Risk for SARS-CoV-2 transmission ‘quite high’ among hospital roommates
Nearly 40% of patients who shared a hospital room with a patient with SARS-CoV-2 at one Boston hospital became infected within 14 days, according to study results published in Clinical Infectious Diseases.
The researchers concluded that “nosocomial spread of SARS-CoV-2 is relatively rare with standard infection protocols” but “there is a high risk of transmission for patients in shared hospital rooms if their roommate is acutely infected.”

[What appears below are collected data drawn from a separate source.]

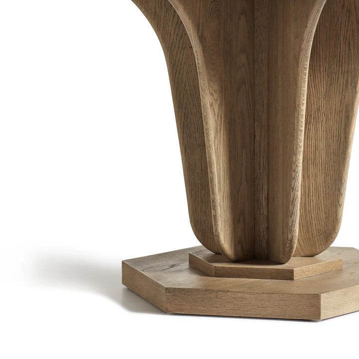 The solid wood dining table featuring a stylish and inviting furniture ensemble designed to accommodate six people for dining comfortably. It combines the natural beauty of natural wood with the striking contrast of hourglass legs on the table, creating an eye-catching and contemporary look. Here's a description of the dining set:
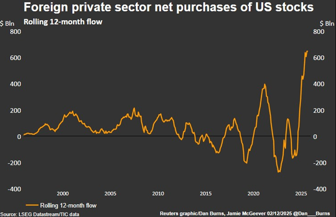 In some ways, these inflows from abroad are unsurprising. The whole world has wanted in on the U.S.-led AI boom this year.
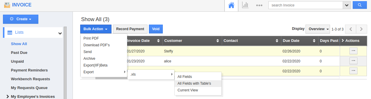 - Go to Invoices App → Show All → Select the records to be exported → Bulk Actions → Export.
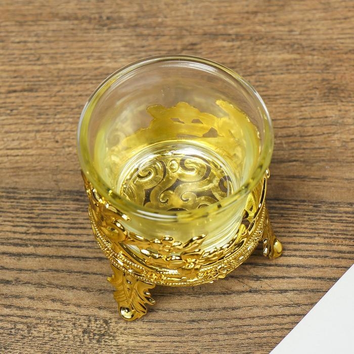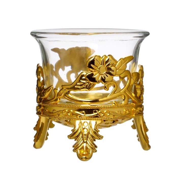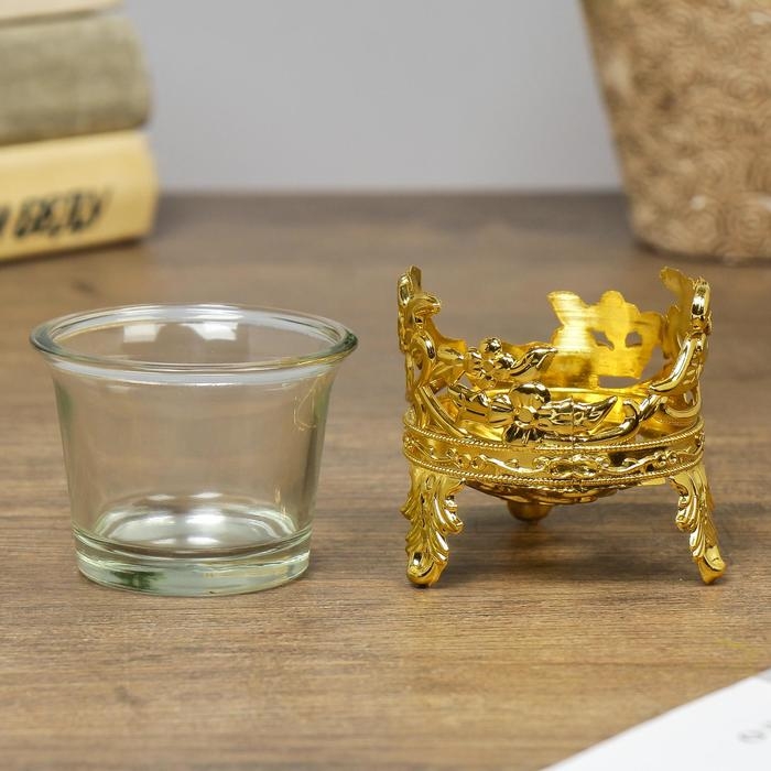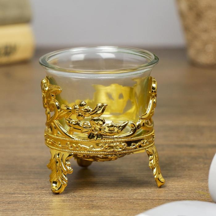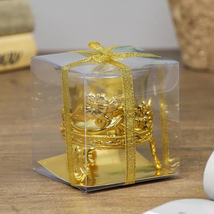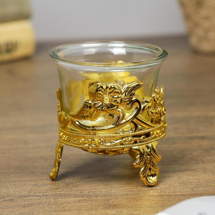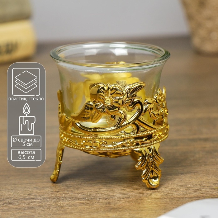 Подсвечник стекло, пластик на 1 свечу "Цветочек" золото 6,5х6х6 см
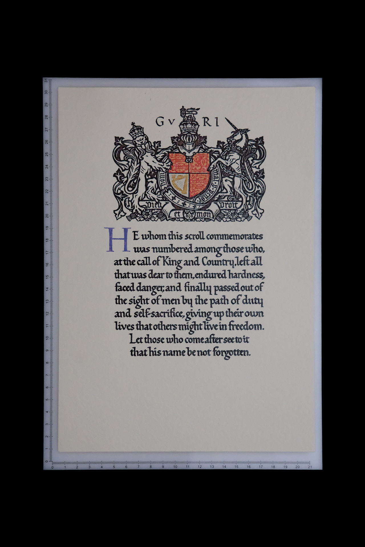 A reproduction of the scroll issued to the next of kin of those killed during the First World War. We will print the individual details at the bottom of the scroll in the same manner as the originals.
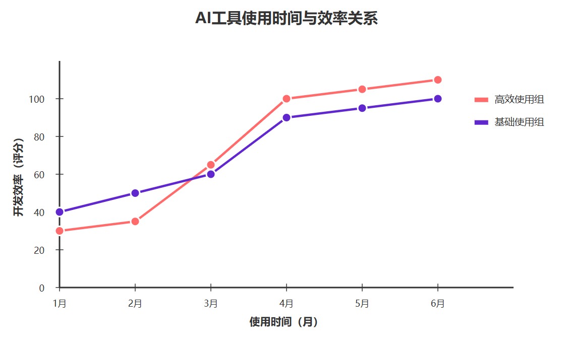 图2:开发效率提升趋势图 - XY图表展示AI工具学习曲线
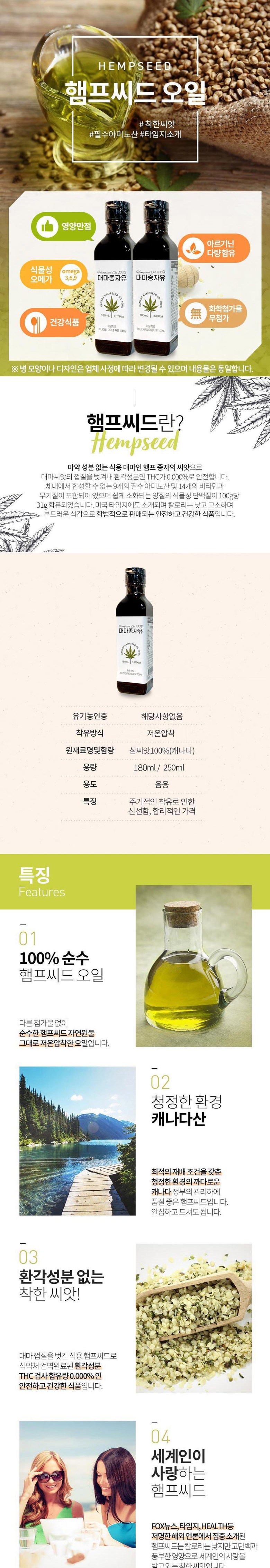 | 포장단위별 내용물의 용량(중량), 수량 | 상세설명참고 | 원재료명 및 함량 | 캐나다 햄프씨드 100% |

Three of the researchers — Abraar Karan, MD, MPH, DTM&H, an internal medicine physician at Brigham and Women's Hospital and Harvard Medical School, and Brigham & Women’s epidemiologists Michael Klompas, MD, MPH, and Chanu Rhee, MD, MPH — answered questions about the study.
“The risk of COVID-19 spread is quite high if you find yourself in a room with someone that is contagious with the virus for several hours,” they told Healio. “Remember that this type of scenario could happen at home — it can happen in workplaces, it can happen anywhere, and spread happens even before people show symptoms. In fact, hospitals have better ventilation than in the community. This is another piece of data telling us to be extra careful, especially during surges of the virus.”
The researchers analyzed SARS-CoV-2 transmission among 11,290 patients who shared rooms at the hospital between September 2020 and April 2021. They calculated the percentage of exposed roommates who had a positive COVID-19 test within 2 weeks after exposure and analyzed risk factors for transmission.
A total of 25 patients tested positive for SARS-CoV-2, of whom eight were tested via the hospital’s retesting policy, seven via cluster investigations, four via testing for new symptoms, four via admission tests, one via preprocedural testing and one during readmission.
Among 31 patients who shared a room with a patient with SARS-CoV-2, 12 (39%) tested positive for the virus.
Karan, Klompas and Rhee said it is “essential” for clinicians to consider that spread of the virus is possible within hospitals but noted that the chance is low with good infection control policies in place.
“Hospitals must balance the need to provide essential care for patients against the risk for transmission in shared patient rooms, so during times of high community incidence (or during hospital-based outbreaks), they should consider mitigation strategies like rapid testing, serial testing, and only placing vaccinated patients in shared rooms,” they said.